Ich glaube, ich habe schon Menschen von Riga schwärmen hören. Aber das kann eigentlich nicht sein. Es ist einer der hässlichsten Orte, die ich bislang gesehen habe. Riga ist mit rund 600.000 Einwohnern keine so große Stadt, aber der Ballungsraum mit weiteren rund 500.000 Einwohnern macht ihn zum größten in den baltischen Ländern. Die Einfahrt ins Zentrum von Riga zieht und zieht und zieht sich, vorbei an Dutzenden und Aberdutzenden Wohnblöcken aus Sowietzeiten – grau, verkommen, vernachlässigt, vergessen, verarmt, hässlich. Die Eingangstüren kleine dunkle Löcher mit Griff – allein beim Anblick dieser Eingangstüren, durch die tagtäglich so viele Menschen ein- und ausgehen, steigt mir der Geruch von alten, modrigen, muffigen, bestenfalls Bohnerwachstreppenhäusern, Urin und Kohlsuppe in die Nase. Hoffentlich muss ich niemals so ein Gebäude betreten! Dicht an dicht stehen sie, graue Plattenbauten, Balkone, auf die sich schon seit langer Zeit niemand mehr getraut hat, mit verrosteten Geländern und schwarz verdreckten Plastikverkleidungen, in denen ich mir ein glückliches Leben einfach nicht so richtig vorstellen kann.

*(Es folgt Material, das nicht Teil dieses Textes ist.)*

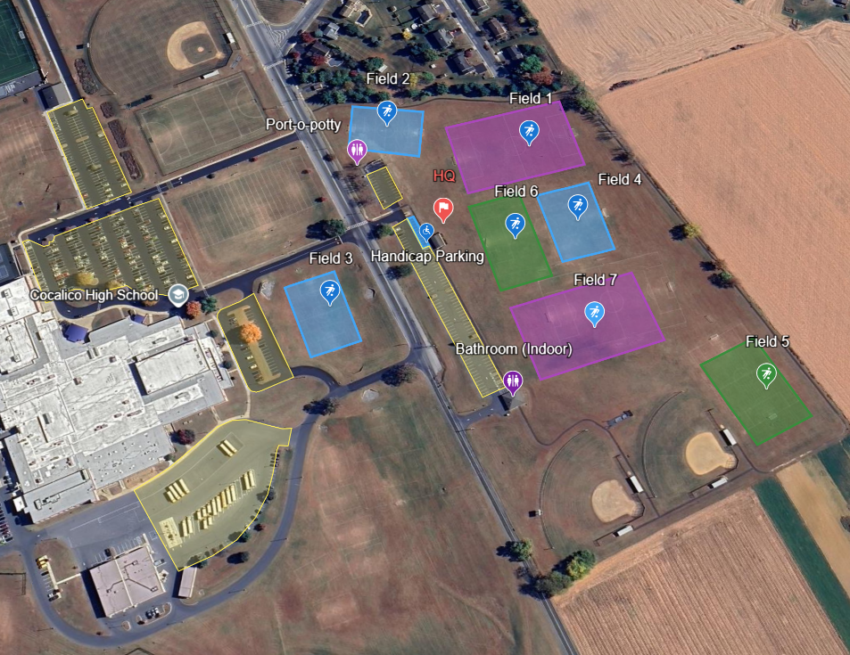 DO NOT PARK ALONG THE ROAD! We will have cones and caution tape marked to emphasize these rules. Local police patrol the roads during this event and will issue tickets or tow if cars are parked along the road. The school will fine us for anybody that parks in the grass. We have plenty of parking across the street at the high school, so just be sure to remind parents to arrive early enough to find parking and walk to their appropriate field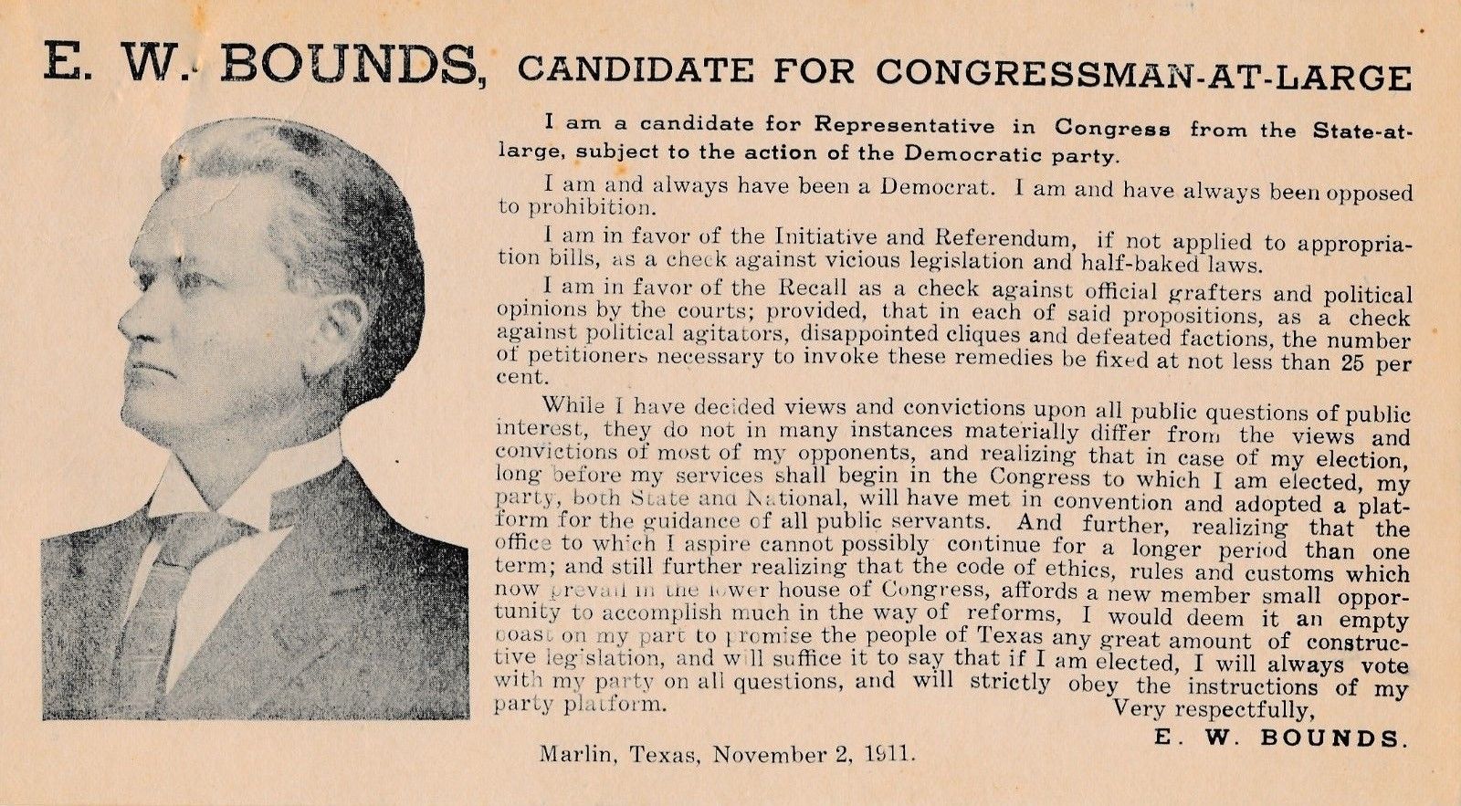 1911 E. W. Bounds for U.S. Congress 7 1/2" X 4" card Texas TX

Zwischen den Klötzen Gras, ein paar Birken, immerhin. Keine Bank, kein Blumenbeet, Kinder gibt es hier entweder nicht, oder sie wurden vergessen. Kein Platz zum Spielen.
Im Zentrum: Glanz und Gloria, moderne Bauten. Alles Fake? Ja!
Wehmütig denke ich an die schönen Häuser in Skandinavien, mit den großen, weißen, von innen beleuchteten Sternen, den Schwibbögen, in jedem einzelnen Fenster, draußen Lichterketten in Bäumen und auf Mauern, die die wenigen hellen Stunden im Winter vergessen machen sollen und durch die lange Winternacht helfen. Wie sah das alles so schön aus im Schnee, der hier immer weiß war. In Riga ist der letzte verbliebene Schnee schwarz.
Auf dem Weg über Land an die Ostseeküste. Immer noch in Lettland. So viele vergessene, verlassene, verkommene, Gehöfte und Häuser. Das tut mir im Herzen weh. Die schönste Landschaft, aber hier, so abgelegen, will oder kann man nicht mehr leben. Lieber in Riga, im grauen Plattenbau mit schwarzem Schnee.
Wir sind jetzt in Liepaja, Lettland, am Ostseestrand. Hier bleiben wir bis übermorgen. Nach all den Städten, Helsinki, Tallin, Riga, muss ich an die frische Luft, muss den Horizont sehen, muss durchatmen.